Del Potro arrived at the bronze medal match with the same game that brought him so close to beating the number one player two days prior. He hit extremely hard, and incredibly close to the lines. Wise to the ferocity of the del Potro forehand—one might even suspect Novak of having watched one of the 56 games that Juan Martin played against the Swiss—Djokovic found the backhand-wing more often than Federer had. But Juan Martin proved also capable of light-sabering his backhands into various corners of the court, not to mention his serves, and even the occasional volley. For his part, Djokovic found himself more given to errors, average returns, and extended conversations with the fates than we have come to expect (and we have come to expect a lot of discussion with the powers that be). If the first set felt suspenseful, the second felt almost as inevitable as del Potro’s happy tears of victory.

After his match on Court 1, he pronounced himself ‘the most happy of the world,’ which is saying something, considering the man who prevailed on Centre.  

  
The Significance of a Medal.

There is surprisingly little to say about the three straightforward sets that comprised Andy Murray’s coronation as a golden god of British sport. Roger Federer played like a very tired, or a very tentative man, or possibly like both put together and then multiplied by many small-margined forehand errors. Andy Murray played like the opposite of that. He played like a man possessed by the moment and yet in full possession of himself. Murray also employed del Potro’s aggressive postmodern strategy of hitting extremely hard and incredibly close to the lines, surprisingly, and happily, on his forehand as well as his backhand side. I remember one point particularly, when he was somehow jumping backward to retrieve a shot off the baseline, and at the very last moment, while airborne, he managed to hurl his bodyweight forward sending a wild winner back at an opponent who must have felt as startled as I looked.

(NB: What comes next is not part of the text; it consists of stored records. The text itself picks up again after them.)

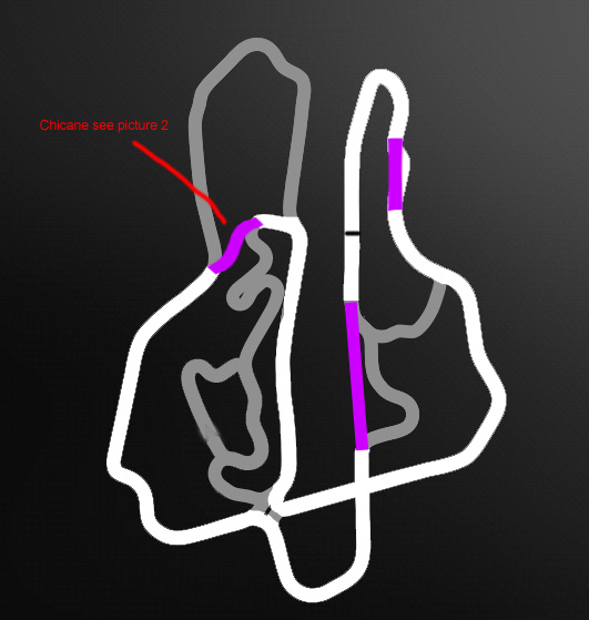 My idea is to combine some of the elements(turns and similar track sections) of the Nürburgring into a track that has a section that goes up and down a mountain. That way you also get your hillclimb tracks and a forest road.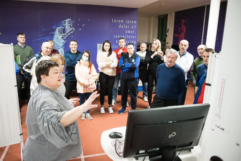 Специалисты площадки тестирования научно-образовательного кластера заведующий отраслевой лабораторией спортивной биомеханики Республиканского инновационного унитарного предприятия «Научно-технологический парк БНТУ «Политехник», доцент кафедры теории и методики физического воспитания и спорта БГУФК, кандидат биологических наук, доцент Парамонова Наталья Андреевна, старший научный сотрудник этой же лаборатории, старший преподаватель кафедры теории и методики физического воспитания и спорта БГУФК Борщ Майя Казимировна и ведущий специалист информационно-аналитического отдела центра координации научно-методической и инновационной деятельности БГУФК Шешко Валентина Владимировна продемонстрировали для участников мастер-класса работу современного диагностического и измерительного оборудования.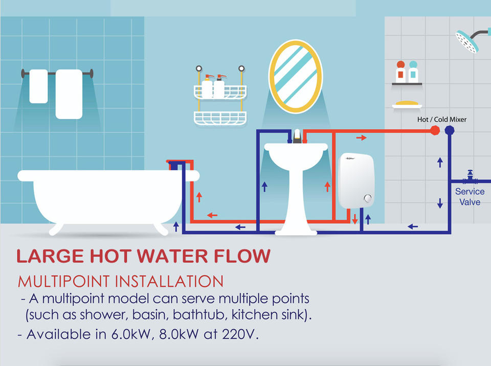 เครื่องทำน้ำร้อนทันทีติดผนัง8000W 220V-240V สำหรับใช้ในเชิงพาณิชย์ผู้ผลิต OEM พลาสติกภาษาอังกฤษ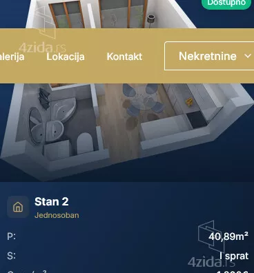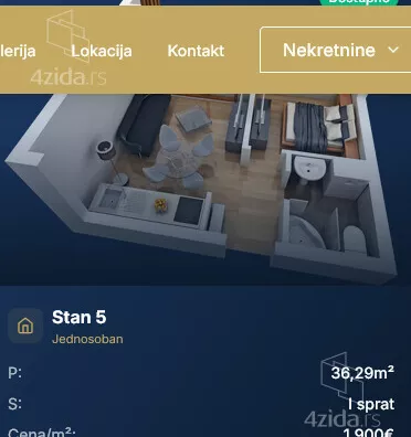 Stanovi koji su na raspolaganju su 29,20m2 ; 36,29m2; 40,89m2;40,94m2 ; 49,83m2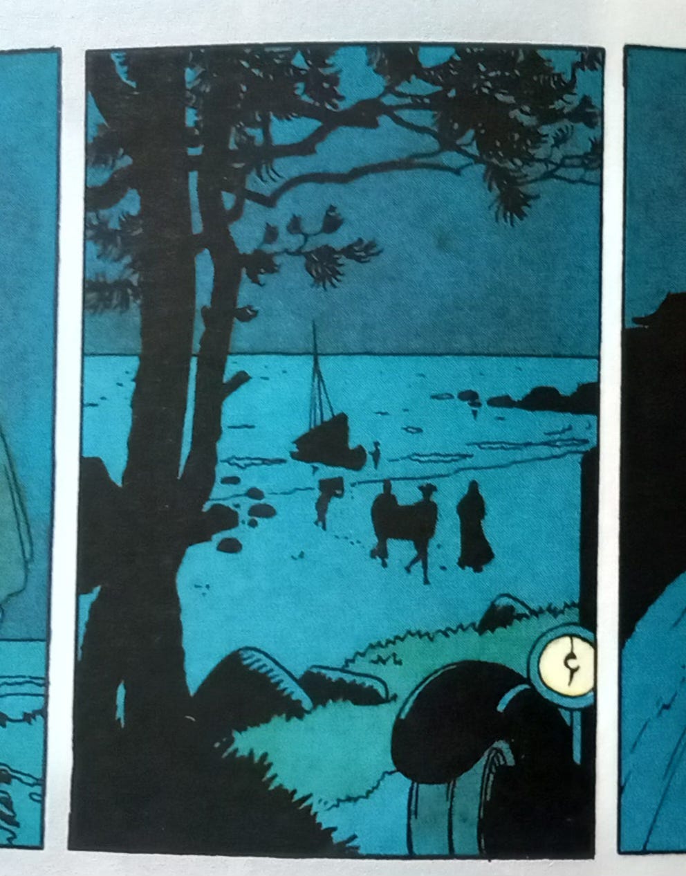 Thinking again about the portrayal of varying lengths of time in a single comics panel, this is a highly efficient storytelling image. The preceding page shows Tintin and Snowy being kidnapped, some boxes being left in the sea by a coast, and a box being unloaded from a small boat. This image tells us that the box is being carried by several people to their waiting car. You don’t see the mysterious figures pick it up, carry it to the car, or put it in the car - but you know it’s happened through that snapshot in time. And the context makes it likely it’s the kidnapped heroes who are being transported, but we’re still not 100% sure of what’s going on. And the action is in silhouette at night, adding to the shady nature of the event, the mystery and suspense. All this in a very small image. There are plenty more detailed, colourful, characterful and larger images in the book, but I was just struck by its efficiency and effectiveness. Masterful storytelling.

From del Potro’s revival after a loss that had him in tears until the small hours of the morning, to Serena’s recovery of fine fettle after injury and scandal, to Petrova and Kirilenko’s bronze in doubles after Maria had already lost out on her chance at a singles medal, the weekend had a Chumbawumba feel to it (to use the technical term). They got knocked down, but they got up again, never gonna keep them down. Andy Murray could barely speak through his tears after losing Britain’s first chance at the Wimbledon title since ancient times, and now look at him: He’s golden, and striped, and almost smiling.

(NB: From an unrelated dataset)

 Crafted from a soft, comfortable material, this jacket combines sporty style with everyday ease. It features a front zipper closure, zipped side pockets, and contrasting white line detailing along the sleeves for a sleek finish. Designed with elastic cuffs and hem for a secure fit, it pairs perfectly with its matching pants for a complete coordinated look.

It a shame that unless he joins Tommy in Rio, Roger Federer will not get another shot at Olympic singles gold, because the medal feels like it belongs in his goaty dossier, and it would look dapper with his fancy duds. (Not only are the Swiss team jackets elegant in their simplicity, they have good typography, unlike a certain Olympic Games we know.) But sports, as I have already established, are nothing if not fair. Today was Andy’s day, which made it the day of 99% of all the people waving up and down on Centre Court and the Murray ‘modest-but-proud’ Mound.

And now, without further delay, we have arrived at the part of my write-up that harkens back to the famous-person quote at the beginning, so that I can then quote another famous person at the end. Andy Murray is a Scotsman playing for Britain on a tennis court in England, so I figure it is okay to sum up the essence of his gold medal victory by quoting an American who lived across a pond,

‘To affect the quality of the day, that is the highest of arts. Every man is tasked to make his life, even in its details, worthy of the contemplation of his most elevated and critical hour.’ 

This passage from Henry David Thoreau’s Walden can be found in Chapter 2, ‘Where I lived, and What I Lived for.’  I have inserted it for the sole purpose of elevating a tennis match beyond its natural importance, the same way Thoreau made a puddle into a pond, which was subsequently made into a shrine and trampled by tourists. But still, there is truth in the sentiment.

Tennis is a sport that lives in the details, and today, Andy Murray was an artist. He gave the people of Britain a quality day, and that is significant.